Они прибыли в деревню, когда почти стемнело. Женщины уже приготовили ужин – на сей раз что-то вроде рагу из неизвестных Далласу овощей, но, к счастью, без подозрительного мяса. После ужина, как это часто бывало ранее, Старый собрал детвору вокруг костра в центре площадки, окружённой хижинами. Он рассказывал им истории о богах и предках, которых они называли дедами. На этот раз Даллас присоединился к ним и подсел к костру, устраивая поудобнее ноющую после прогулки ногу. Детишки недоверчиво поглядывали на нового члена племени, некоторые показывали на него пальцем и что-то шептали на ухо друзьям. Но в конце концов, они увлеклись историей ведуна и напрочь забыли, что среди них чужой.
– Кажи нам, Старый, кажи ещё про железова боха! – просили дети новую историю.

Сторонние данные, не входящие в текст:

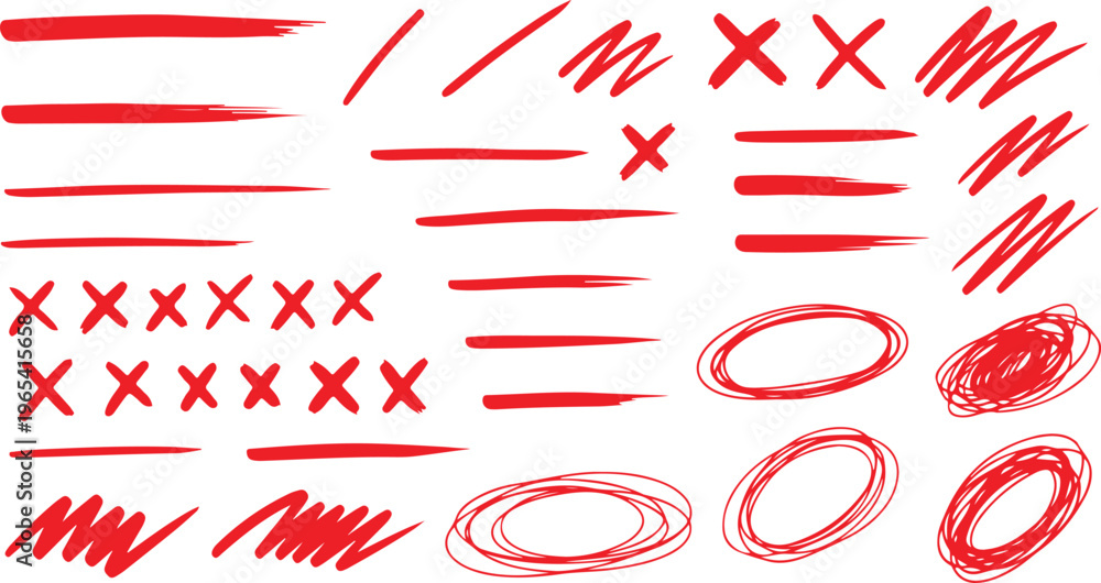 Vector set of grungy graphic elements. Street art texture hand drawn pencil underlines and strikethrough, scribble emphasis lines, crazy hatches, ovals and crosses. #1965415658

– Ну, ладно-ладно, школь уж раз ту кажку кажал, та всё вам мало, – в шутку сердился Старый. – Жила как-то баба, а в пузе ейном был бох, что всех людей должон на войну вести, када большой мужик штанет. А жлые бохи шлали мужика, шоб её к дедам уйти прям с лялькой в пузе. Мужик тот был вродь как мужик, а нутром железовый. И найшёл он ету бабу, а она бежать. И из бабахи в его палить, та ему ништо – знать железовый. Тока увидал он красу бабью, та шилу еёшнюю, так и грит: «Ты, баба, не боись, я должон тя убить, всё ж вижу, как ты краса, да шмела. Жнать твоя лялька буит правда нас воевать да нападать. Но мне моё племя не мило, а ты мила, так я те помогу, штоб мужик из водного железа вас не жнашёл».
– На самом деле помогал ей другой киборг… железный мужик, а первого она раздавила, – вмешался Даллас, вспомнив классический боевик конца двадцатого века.
С одобрения Старого он, как мог, пересказал сюжеты засмотренных до дыр классических тридэшек. Он старался упрощать слова, чтобы дети его понимали, а они слушали, открыв рот. А когда история закончилась, попросили ещё. Он вспомнил другие сюжеты масскультуры, адаптируя их под местную реальность. Ведун тоже слушал с интересом и вниманием, иногда посмеиваясь, узнавая повороты историй.
Так они сидели, пока матери не загнали детей в жилища. Отправился к себе и Даллас, пожелав спокойной ночи Старому. Но, лёжа в хижине, он всё думал, как найти путь к «небесному блюду». Мысли путались, повторялись, мозг подкидывал совершенный бред, связанный с сюжетами тридэшек, и в итоге Даллас не заметил, как уснул.